Figure 2 calculates the MD5 value of the file
Note: The MD5 algorithm is a single transformation algorithm and there is no inverse function. Violence testing is almost the only possible MD5 cracking method.
4. Asymmetric Key Cryptography RSA
RSA is a typical asymmetric key cryptography. Deriving from either encryption key or decryption key is computationally impossible.The security of RSA is based on the well-known number theory puzzle of large number decomposition and prime detection.Public keys can be fully public and do not need to be kept confidential, but integrity checking mechanisms must be provided to ensure that they are not tampered with; private keys are kept by users themselves.Both parties can communicate confidentially without having to exchange keys.
Use rsa module to encrypt and decrypt messages.

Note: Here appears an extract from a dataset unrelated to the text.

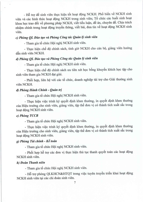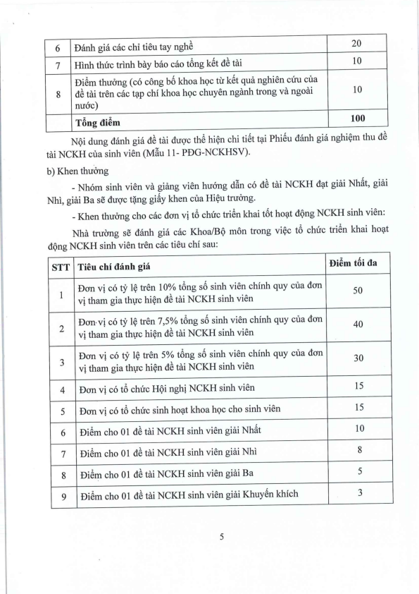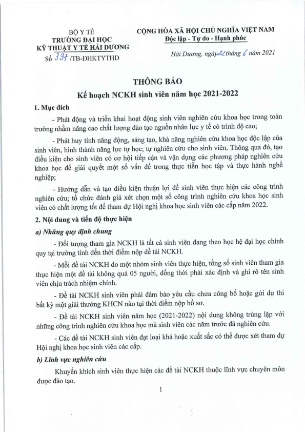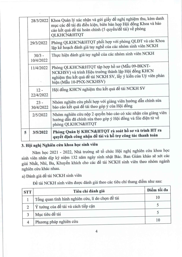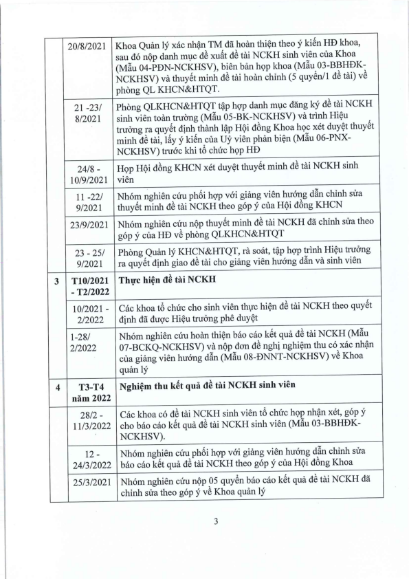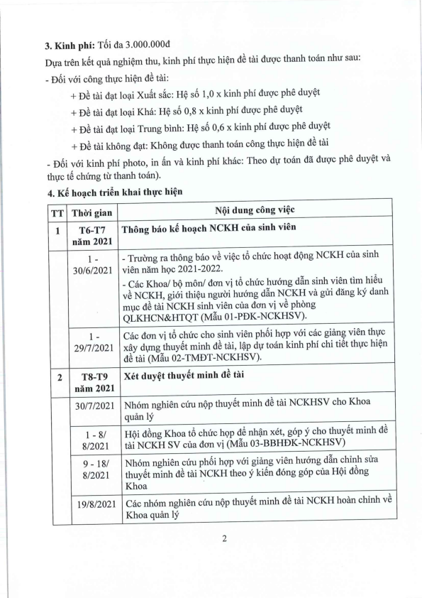 Kế hoạch NCKH sinh viên năm học 2021-2022

#! /usr/bin/env python3 # -*- coding:utf-8 -*- # Author : MaYi # Blog : http://www.cnblogs.com/mayi0312/ # Date : 2020-04-16 # Name : test01 # Software : PyCharm # Note : Asymmetric Key Cryptography RSA import rsa # Entry function if __name__ == '__main__': # Generate a random key key = rsa.newkeys(3000) # private key private_key = key[1] # public key public_key = key[0] message = "Shenzhen, Guangdong Province, China.Now is better than never." print("Clear text:", message) message = message.encode() crypted_message = rsa.encrypt(message, public_key) print("ciphertext:\n", crypted_message) message = rsa.decrypt(crypted_message, private_key) message = message.decode() print("Clear text:", message)
Program run results:
Clear text: Shenzhen, Guangdong Province, China.Now is better than never. //Ciphertext: b'\t\xe71\xe9\xc5<\x0b\t \xec~\xa1\x88\xa2\xc0}\xbb#\xbe\x11\xb0eq~46\x80\xdf\x1c9\xabGQp\xbc\x9b\xdd\xb7f\x96\x1d\x0e\xc4\x07;]\x8d:\xb8\xd7\xb7\x96\x9d\x1ce\xb4\xc8O\xb3c\x08U\xac\xbf\xe8\xb4\x1e#8#\xc7\xbf\xc9\x9eTz\xdd\x00X(>\xc8\\\xe5\xb2~\xbc\xcd5\xab\xea\xf4\xaf\xdc\xd3\x9a\x12\xe9]\x8b\xd9\xb23\xd0C\xeb\xab\'M\x14\xe2@\'\x8e\xf0;\xfe\x18{{\xd9\xe8\xd4rf\xed\xde\x97\x81\x90\xdfh\xcf!W"\x0fk\x93\x9d\xa7\xce\xb5?\x98\xb4\xabG\xb1l=\x17}\xc4z\xad\xa6#\x8fG\xcf\xafC\xa2\xa8*q7\xd7J^\xa9\xa21tw\x1a\xd8\x80gjK\xc7Z\xf0"~M\xb6\x82\x03\xfe!\x8f\x80F\x1eJ\x84\x97\xe7\x01T\xcc\x93=\x17mb\x99\x84B\xb4z\xe33\xe7dIgG\xdd\xd2\xf9\xb9\x10\xc2\x1dM\xfc\xfe\xa2xC\x83\x93\xf5\xfbV\x16\x0f.\xd5\xa3/\xf4A\x12\xba2\x80\xcd\x1d\xe7\xa8\xe7n\xdf\xacXo\x92q\x83\x13l\x06\xb9\xb1\xf2\x80UL\x8b\xc0g`/\xe1\xb1\x80\x19Ca\x1b\xab-\x018:1\x7f\xc0\xd1\xfb\xe5\x9f\xf0\x1b;\xbc\xa9\tq\xea\xd2\xc0H\x91\xe8\x17\xa8\xc6\x9a\x87t\x85<v\xf9\xeb\xe8\xadK\x1d\x94P`QJ]\xb8\xb82\xb3\x9cm\x18\x92 \xaeT\x03\xadO\xf4\xcek\x9f\x90T,Arb,"j\x92\x02\x17i\xfdkU\xe0\xe0\x97\xab\x1d\xf1f\xda\x9e\x90' //Plain text: Shenzhen, Guangdong Province, China.Now is better than never.